Pair Density Waves and Supercurrent Diode Effect in Altermagnets

TL;DR

This paper demonstrates that metallic altermagnets can host pair density wave states without external magnetic fields, exhibiting non-reciprocal supercurrents and potential supercurrent diode effects, advancing understanding of unconventional superconductivity.

Contribution

It reveals the emergence of pair density wave states in altermagnets driven by momentum-dependent spin splitting, including their supercurrent properties and experimental signatures.

Findings

Identification of pair density wave states in altermagnets.

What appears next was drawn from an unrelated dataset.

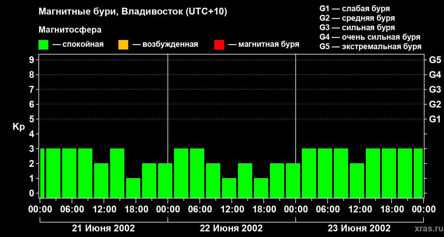Изменения геомагнитного индекса Kp с 21 по 23 июня 2002 года для средних широт

Discovery of non-reciprocal supercurrents in these states.

Proposal of supercurrent diode effect as an experimental probe.

Abstract

Metallic altermagnets are unusual collinear magnets that feature zero net magnetization with momentum-dependent spin splitting. Here, we show that this spin splitting can induce pair density wave states even in the absence of external magnetic fields. Focusing on BCS-type attractive interactions, we find the stabilization of symmetrically distinct pair density wave states depending on the chemical potential. These states include Fulde-Ferrell and Fulde-Ferrell* states, both of which break inversion symmetry. We investigate the supercurrent properties and discover non-reciprocal supercurrents for both the Fulde-Ferrell and Fulde-Ferrell* states with distinct spatial dependencies. We propose that the supercurrent diode effect can serve as an experimental tool for distinguishing between different pair density waves in metallic altermagnets and discuss the relation to material candidates.